======== PROVIDED INFORMATION

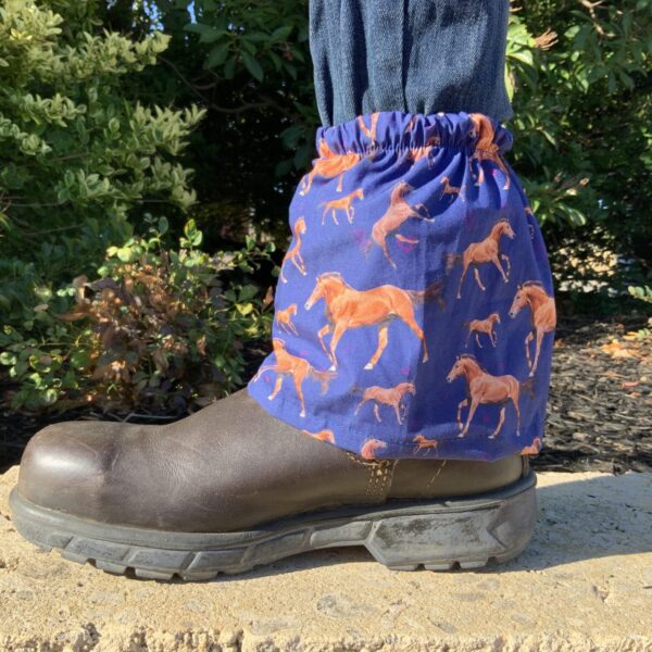 Die Sockenschoner Running Horses sind ausschließlich in Kindergröße erhältlich. Sie passen sich flexibel an und machen jede Stallaktivität bequem mit.
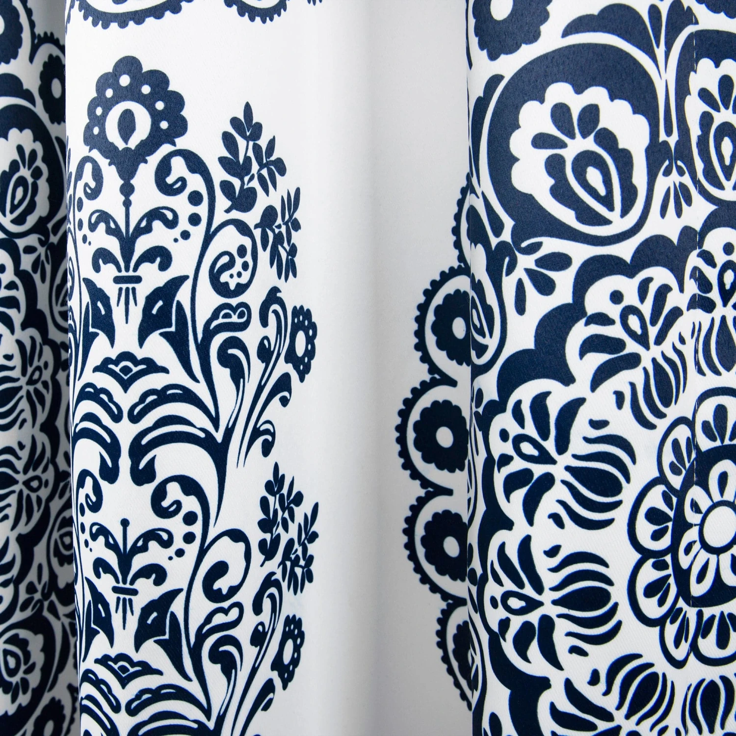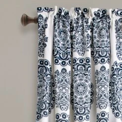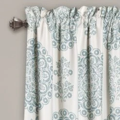 The Evelyn Medallion Light Filtering Window Curtain Set is sold by the pair. Each panel measures 84 inches or 95 inches in length and 52 inches wide with a 2″ header.
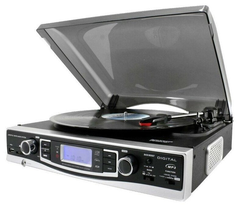Belt drive, speeds 33, 45 and 78 rpm, cartridge included, cover included, built-in phono stage, hitchhiking, built-in acoustics
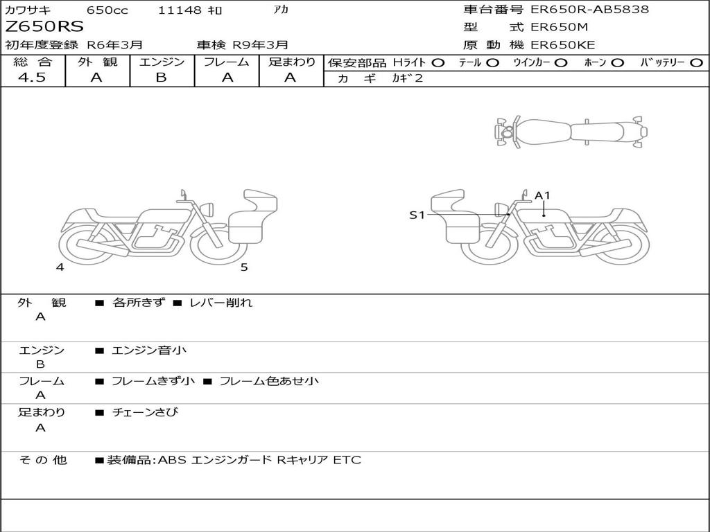 Номер рамы / VIN | ER650R-AB5838 |
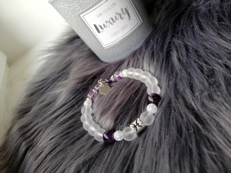 Yvonne Design horoszkópos ásványkarkötő a halak ásványaiból készítve: ametiszt, hematit és hegyikristály ásványból készítve a halak csillagjegy jelképével. A halak jegy jellemzése: Alapvetően emocionális, ösztönösen beleérző, megérző és szétáradó. A vízhez hasonlóan mindent visszatükröz és úgy alakul, ahogyan a víz felveszi a tartály alakját. Lelkében hat
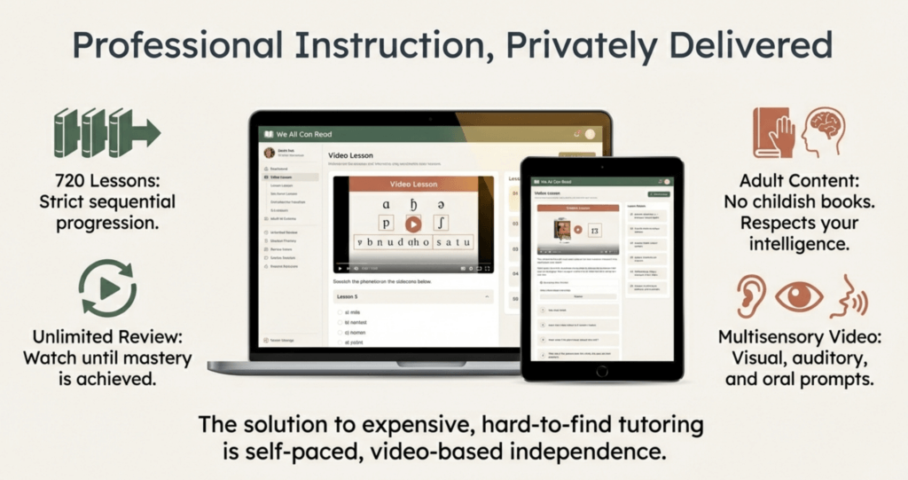 The key question isn’t whether expensive programs work better—it’s whether you need one-on-one tutoring or can learn effectively through comprehensive online instruction. For a complete comparison of adult phonics programs including those designed for dyslexia, see our Adult Phonics Cost Comparison Guide.
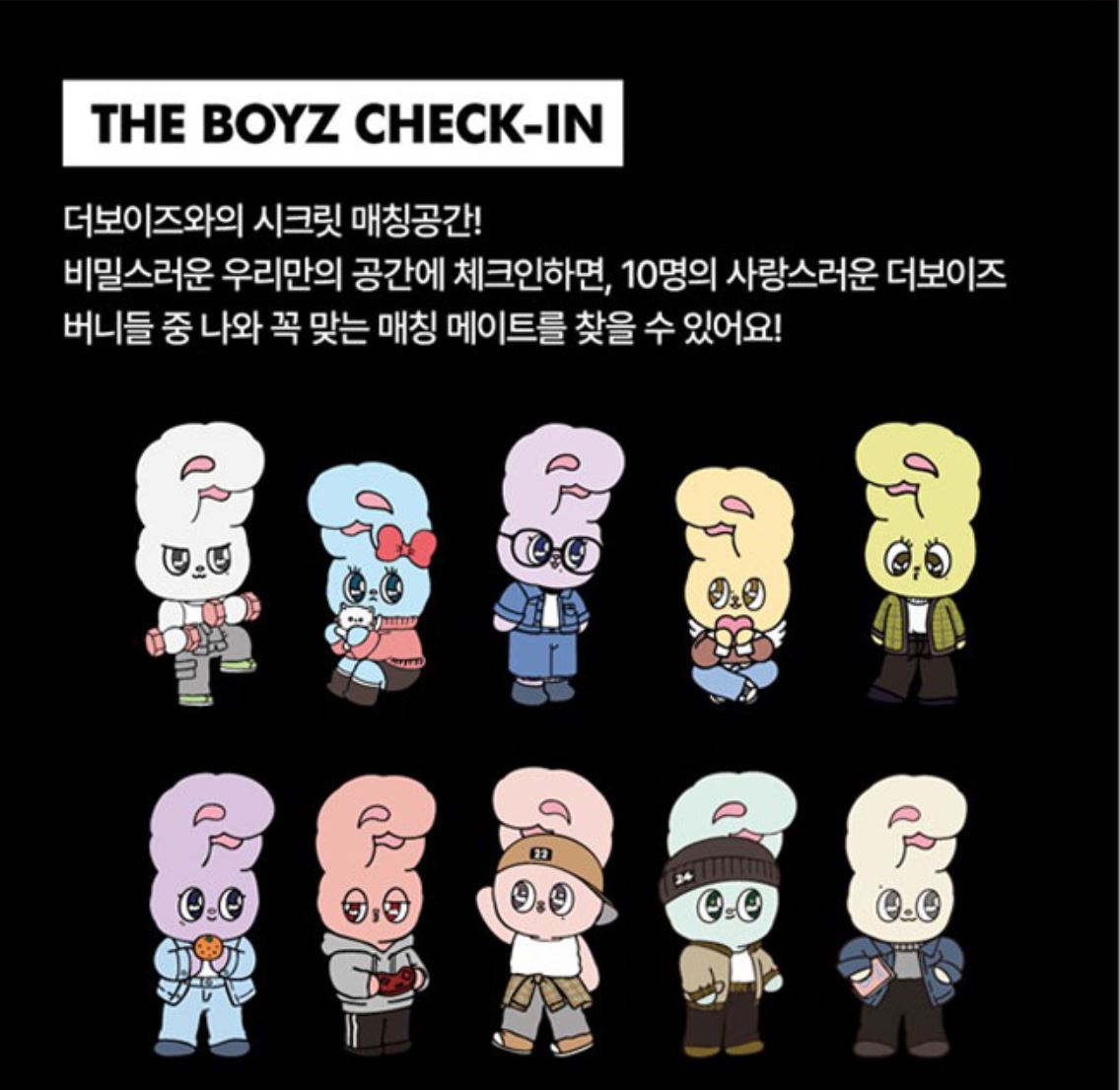 - THE BOYZ CHECK-IN: 더보이즈의 시크릿 매칭공간! 비밀스러운 우리만의 공간에 체크인하며, 10명의 사람스러운 더보이즈 버니들 중 나와 꼭 맞는 매칭 메이트를 찾는 체험
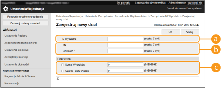 Możesz organizować i zarządzać użytkownikami w grupie w oparciu o NI wydziału. Należy postępować zgodnie z poniższą procedurą, aby skonfigurować Zarządzanie ID wydziału i aktywować funkcję zliczania arkuszy papieru wykorzystanych do drukowania przez urządzenie.
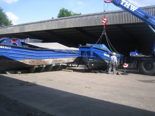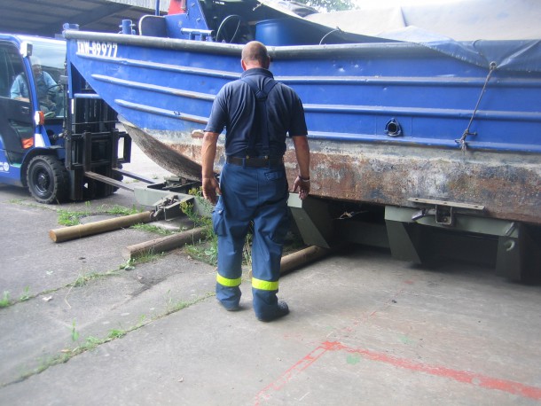 Unter dem Schleppdach stand ebenfalls ein MSB-Boot, das allerdings verschrottet werden soll. Dieses Boot musste herausgezogen und auf den Anhänger verladen werden.

================

## TASK TO COMPLETE
From the line containing "Номер рамы / VIN | ER650R-AB5838 |" through the last line of the records, both included, output those lines exactly and nothing else; skip the pictures.

## ANSWER SPACE
 Номер рамы / VIN | ER650R-AB5838 |
 Yvonne Design horoszkópos ásványkarkötő a halak ásványaiból készítve: ametiszt, hematit és hegyikristály ásványból készítve a halak csillagjegy jelképével. A halak jegy jellemzése: Alapvetően emocionális, ösztönösen beleérző, megérző és szétáradó. A vízhez hasonlóan mindent visszatükröz és úgy alakul, ahogyan a víz felveszi a tartály alakját. Lelkében hat
 The key question isn’t whether expensive programs work better—it’s whether you need one-on-one tutoring or can learn effectively through comprehensive online instruction. For a complete comparison of adult phonics programs including those designed for dyslexia, see our Adult Phonics Cost Comparison Guide.
 - THE BOYZ CHECK-IN: 더보이즈의 시크릿 매칭공간! 비밀스러운 우리만의 공간에 체크인하며, 10명의 사람스러운 더보이즈 버니들 중 나와 꼭 맞는 매칭 메이트를 찾는 체험
 Możesz organizować i zarządzać użytkownikami w grupie w oparciu o NI wydziału. Należy postępować zgodnie z poniższą procedurą, aby skonfigurować Zarządzanie ID wydziału i aktywować funkcję zliczania arkuszy papieru wykorzystanych do drukowania przez urządzenie.
 Unter dem Schleppdach stand ebenfalls ein MSB-Boot, das allerdings verschrottet werden soll. Dieses Boot musste herausgezogen und auf den Anhänger verladen werden.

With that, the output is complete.